If there’s evidence of fraud, the Secretary of State is required to pass the matter to the attorney general. Condos doesn’t know of any past cases where fraud or error have been attributed to vote counting machines, which were first introduced in some Vermont towns in 1992.

In fact, he said, recounts in 2006 and 2010 for the auditor’s race and the governor’s race respectively indicated that voting machines counts were more reliable than hand counts.

The Secretary of State also conducted random election audits in 2006, 2008, and 2010. In the 2008 audit of the governor’s and lieutenant governor’s race, the largest vote change between a hand count and an electronic count came to 11 votes, in Stowe.

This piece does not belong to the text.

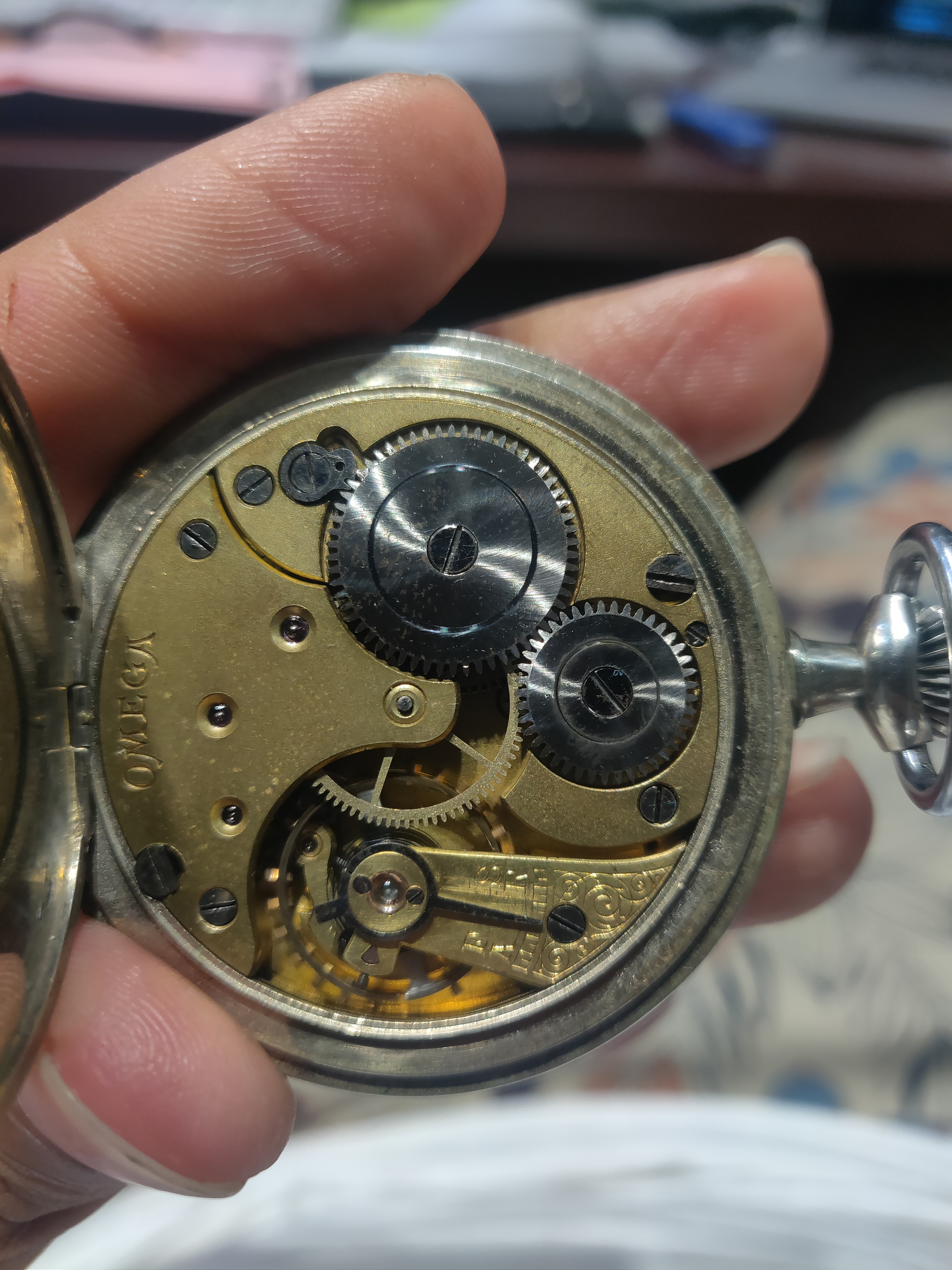 Your case is dated to around 1910 (give or take a year or two). The movement looks to me like a variant of a caliber 19''' LOB (for L茅pine, Omega, B grade) which was the origin of the name of the brand (Omega) and was introduced in 1894.

Towns must first pass a vote allowing the use of vote counting machines, before they’re adopted by local elections officials. Condos estimated that about 175 voting machines are in use throughout the state.

Nat Rudarakanchana

Comments

  1. Jeremy Hansen :

    “There are people out there who think the machines can be manipulated,” said Condos, who added that he presently isn’t concerned about serious vote manipulations or errors.

    He is clearly not concerned with vote manipulation or issues with the voting machines, as he was quick to dismiss my and my colleagues’ suggestions for improvements to the current administration of elections with these devices. He told the Times Argus that “he thought most of the recommendations were already being implemented by the state.” It’s not clear at all that the recommendations have been implemented.

    Setting aside for a moment the issues of a pattern of security vulnerabilities in this same model and that citizens don’t have any way to inspect that the software running on these devices actually does what it is supposed to, we made these recommendations:

    1. Require that the Elections Division be informed of problems with the optical scanner memory cards and/or
    tabulator as such problems occur and prior to LHS [Associates, a corporation in Massachusetts] being
    contacted.

    2. Require that city/town election officials fill out Form A for problems with both memory cards and tabulators
    and correct Election Day Procedures at page 5-3 to apply to both memory cards as well as tabulators.

    3. Require that city/town election officials begin to fill out Form A for documenting the nature of problems with
    the memory cards and/or tabulators immediately upon becoming aware of such a problem (rather than later
    when memory may not be precise).

    4. Require that LHS staff complete Form B contemporaneously with their work.

    5. Require that both city/town elections officials and LHS staff transmit Forms A and B to the Secretary of State
    elections staff immediately either by FAX or electronically.

    6. Require that elections division staff have a procedure for suspending the use of optical scanners in a
    municipality and/or across the state, when problems with memory cards and/or tabulators reaches a threshold
    which warrants suspension.

    7. Require that you, as Secretary of State, be contemporaneously informed when problems with memory card
    and/or tabulators reaches a certain level.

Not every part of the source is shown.